Tuesday, November 20, 2007

Reckless love ... (?)

I know I should be working but no... I've been struck again by some unexpected unpleasant emotion that derails my momentum for the night. I don't know why I've been cracking such bad jokes all day. It's not "bad" in the sense that it's offensive but rather something about an unresolved past (yes. that again) that up to now I still couldn't let go. I realize again and again that I still haven't learned to forgive and most of all to forget.

I still cling on to the past that can never be recovered and changed. Time is the ultimate thing that you can never get back. And I'm ashamed to admit that I wasted that time making an idiot of myself. Writing journals and novels help vent out my anxiety but then I realize that it only pours out unlimited rage that can spiral out of control. Is there anyway to stop this? Yes but I have no idea what.

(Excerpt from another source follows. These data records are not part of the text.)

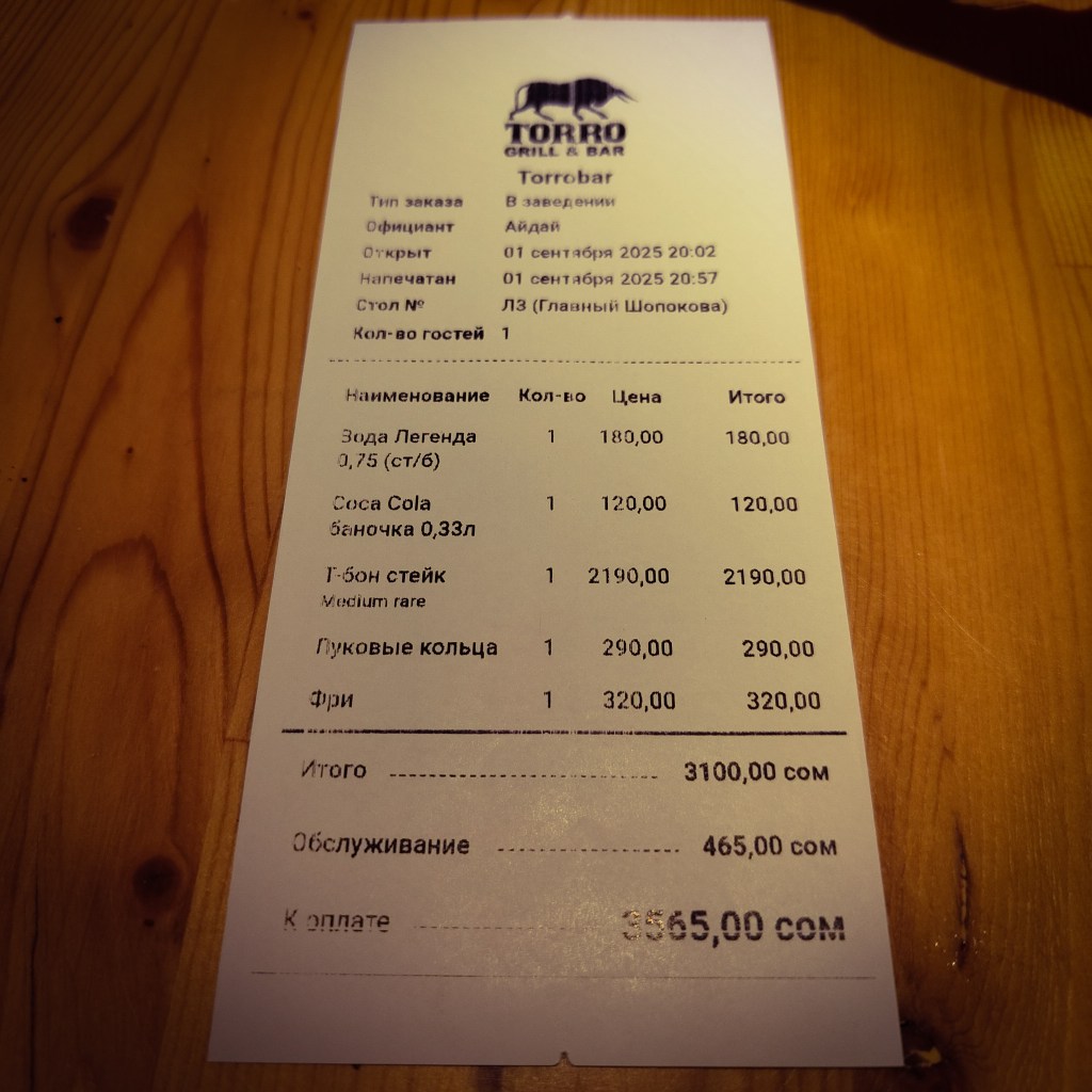 Having to check out early tomorrow and needing a few more things to see/do, I had a good few hours rest in my hotel room, probably a nap, until I headed nearby to a recommended steak restaurant called Torro Grill & Bar.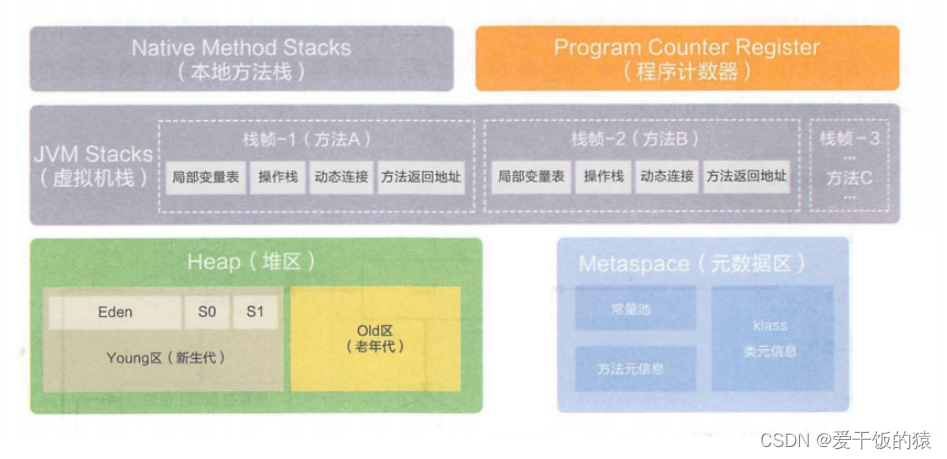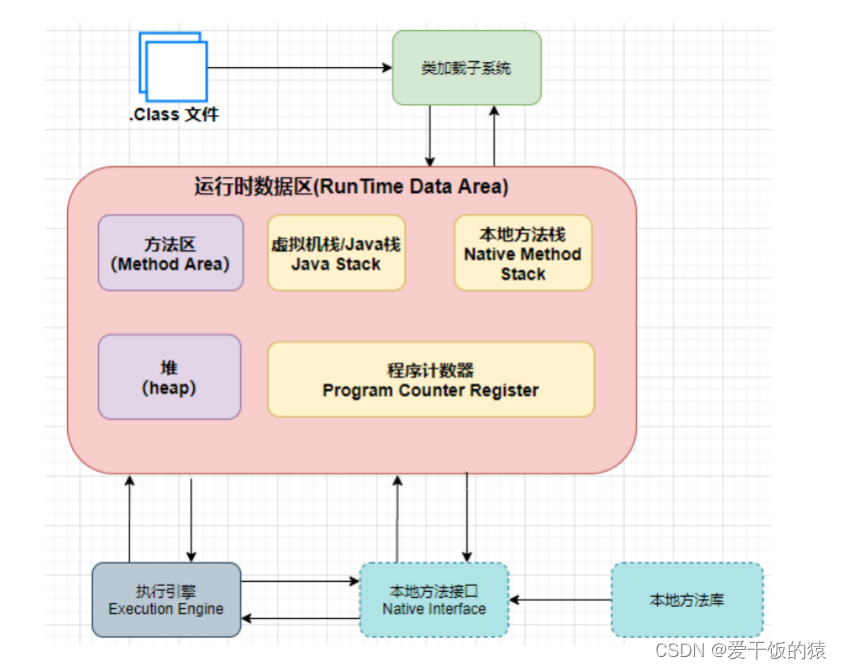 【大家好,我是爱干饭的猿,本文重点介绍JVM 执行流程、JVM 运行时五大数据区、JVM 类加载过程、分类、双亲委派模型、死亡对象的判断算法:引用计数法、可达性分析算法、垃圾回收算法:分代算法。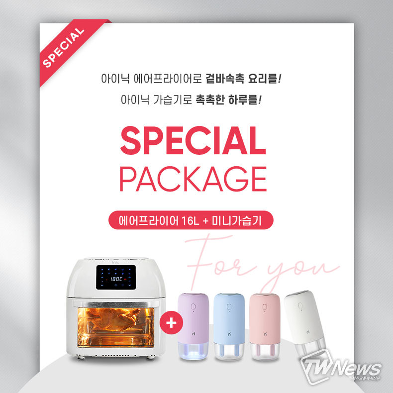 또한 해당 프로모션에서는 아이닉의 대용량 스텐 에어프라이어와 미니가습기를 패키지로 구성하여 특별한 할인가로 만나볼 수 있다.
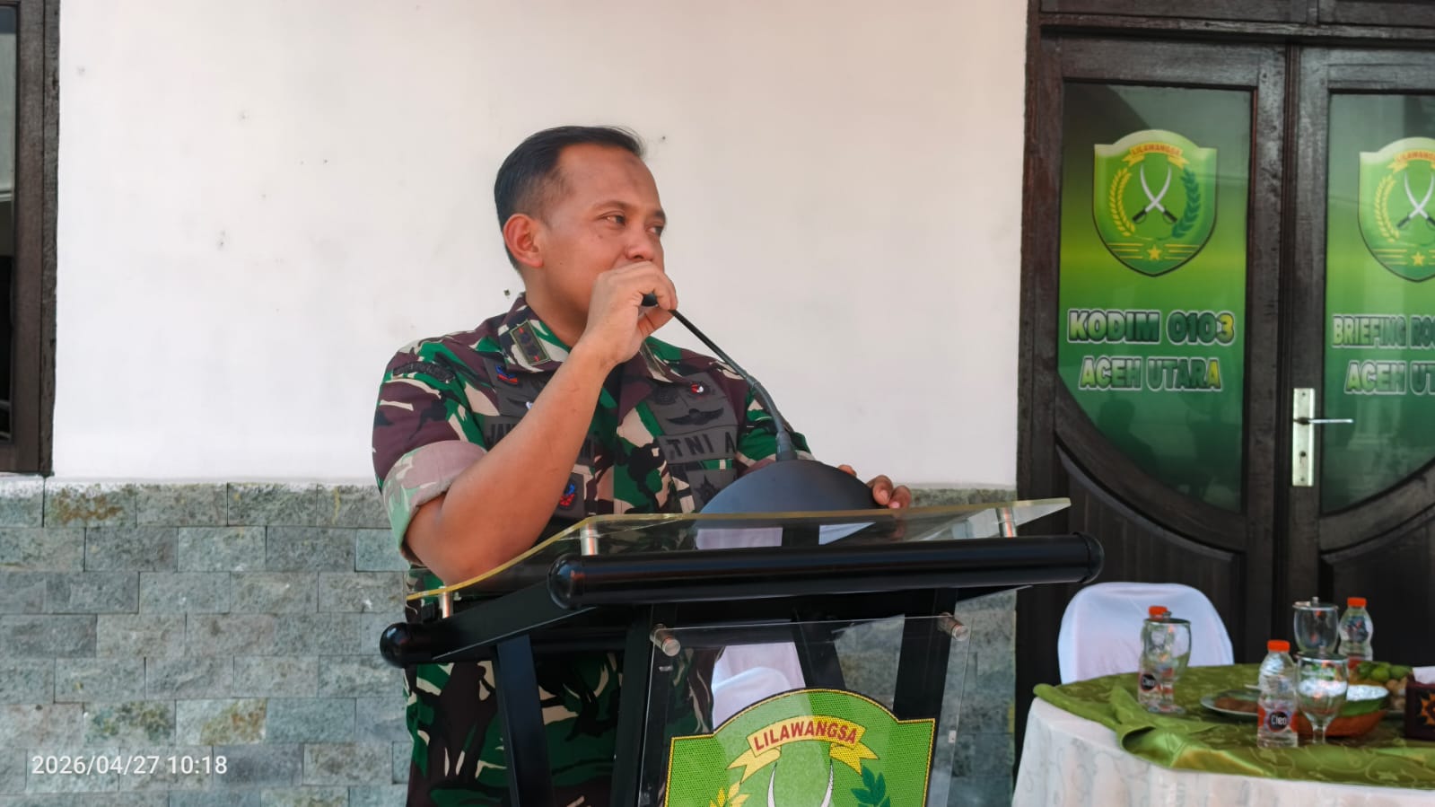 Lhokseumawe | TubinNews.com – Komandan Komando Distrik Militer (Dandim) 0103/Aceh Utara, Letkol Arh Jamal Dani Arifin menyampaikan program pendampingan percepatan pemulihan dan penanganan bencana banjir Aceh – Sumut di wilayah kerja. Dandim menyampaikan sejumlah program yang sudah dilaksanakan dalam gelaran “ngopi bareng wartawan” di markas Kodim 0103 di Lhokeeumawe, Senin (27/4/2026).

I heard this song from Daughtry, "Over you". The melody of the lyrics and music is excellent. I just found myself playing it over and over again. I thought the tasteful combination of sounds made it so mesmerizing but it turns out it was the message of the song that moved me. But I think it was only half true for my situation because there's always a big difference between my case and your typical "Moving-on" scenario.

A typical scenario goes like this: 2 people meet, they make a mistake of committing oneself to each other and finally they break up. Now one of them works hard towards forgetting the other and looking at the world at a different light. You can be sure one of them learned at least something from the experience of loving and being loved back. My case is somewhat different.

I meet someone and before I know it, she's already cold, isolated and reacting violently. What's wrong anyway? I don't even get a change to know her well and yet there she is already driving me away like some plague. Seems like it's a mortal sin to be attracted to people (Admit it. You felt that way!) I guess this is why I keep committing the same mistakes. I couldn't learn anything valuable from reckless loving. But isn't love really reckless to begin with? We give our entire selves with no desire for anything in return? All I know is that I expect too much, dream too much and aspire too much. It all ends up blaming myself for everything. It all ends up not forgiving myself. I think it's myself that I need to get over with.